At [UniProt](https://uniprot.org) we have developed some useful metrics over the years to measure and report our progress and impact to funders and policy makers. As part of an administrative supplement awarded by NIH [ODSS](https://datascience.nih.gov/about/odss) we have created this Google Colab page to enable other data resource providers to easily run these metrics.

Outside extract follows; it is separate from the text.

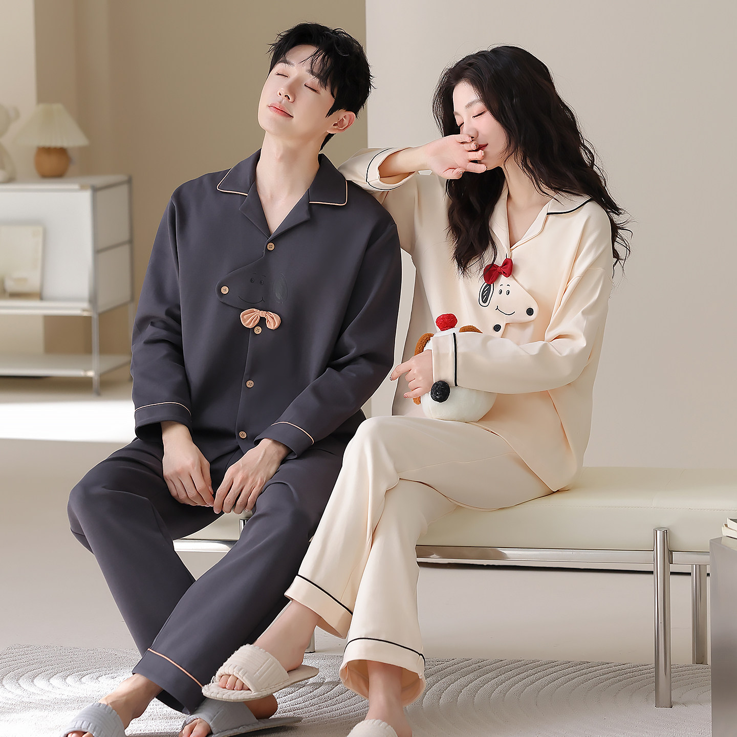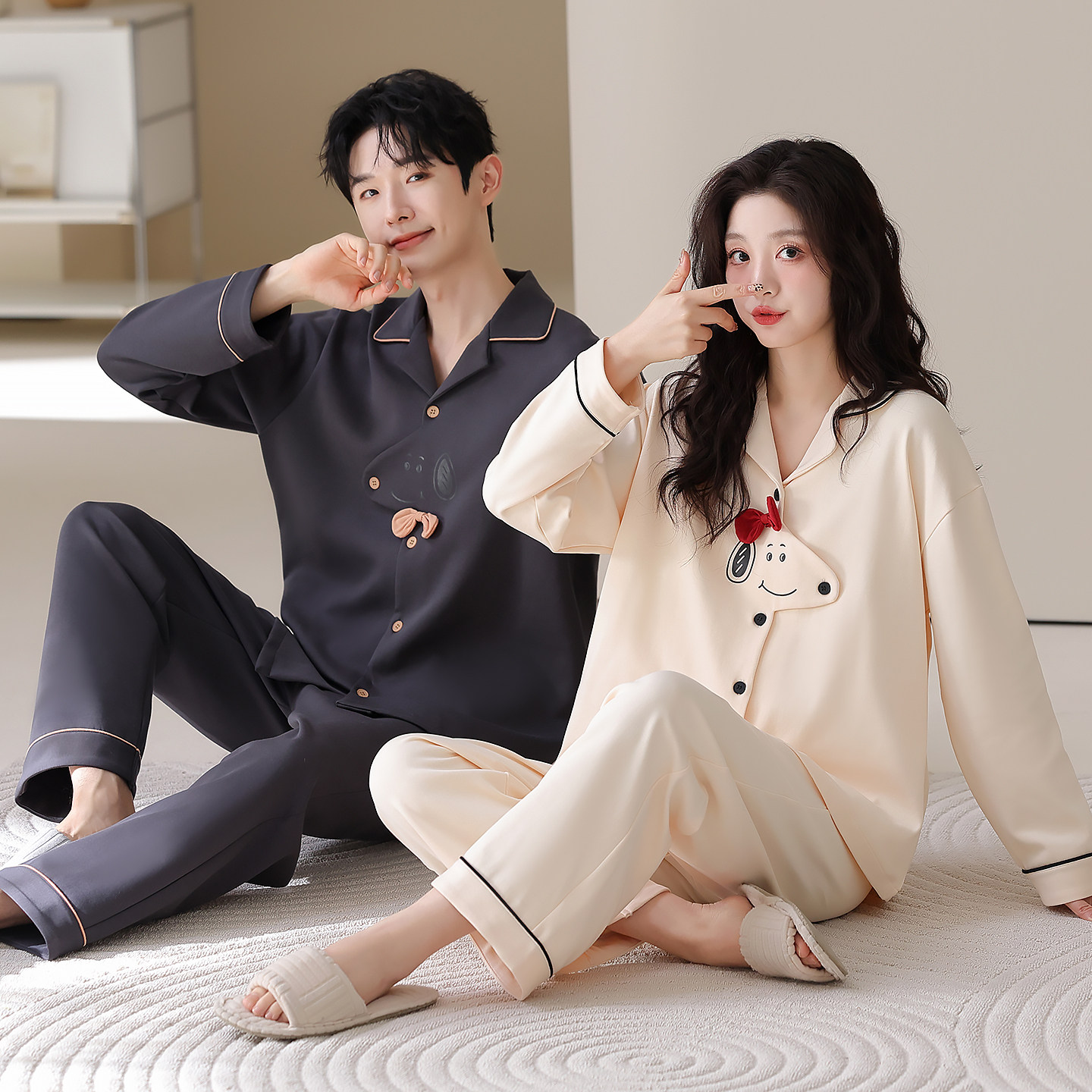 安比斯情侣睡衣舒适纯棉秋季女长袖男女同款休闲家居服套装可出门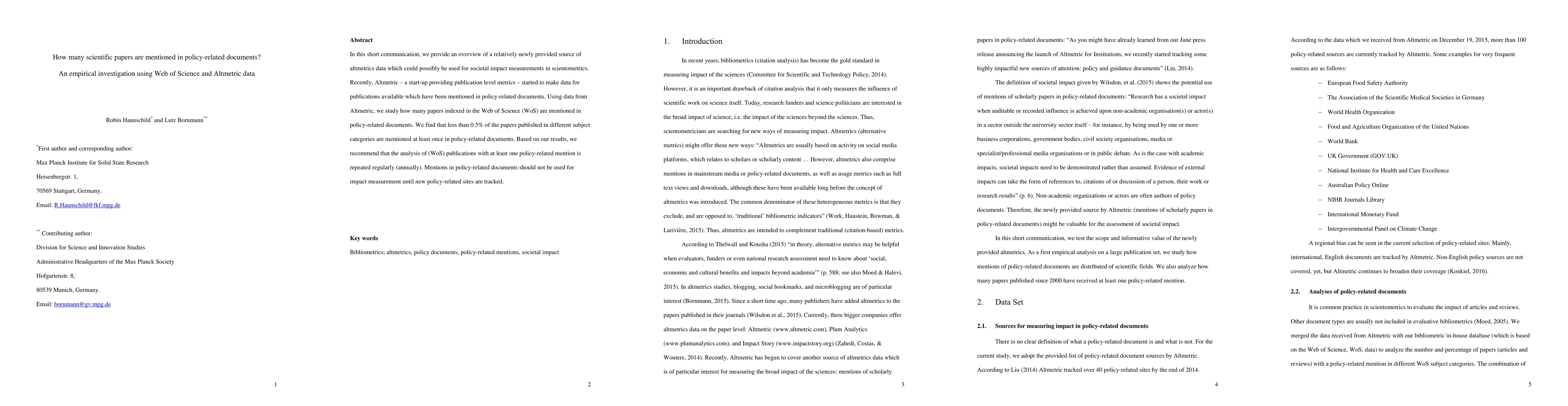 This study investigates the frequency of scientific papers indexed in Web of Science being cited in policy-related documents using Altmetric data, finding that less than 0.5% of papers receive such mentions. The authors recommend regular analysis of these mentions and caution against using them for impact measurement until broader policy-related sites are tracked.

This page allows you to investigate how often a resource is mentioned in the full text literature and how often it is mentioned in papers that cite specific funding sources. You need not limit yourself to only looking at database resources. You can use any keywords to investigate the impact of experimental techniques or anything else you can think of.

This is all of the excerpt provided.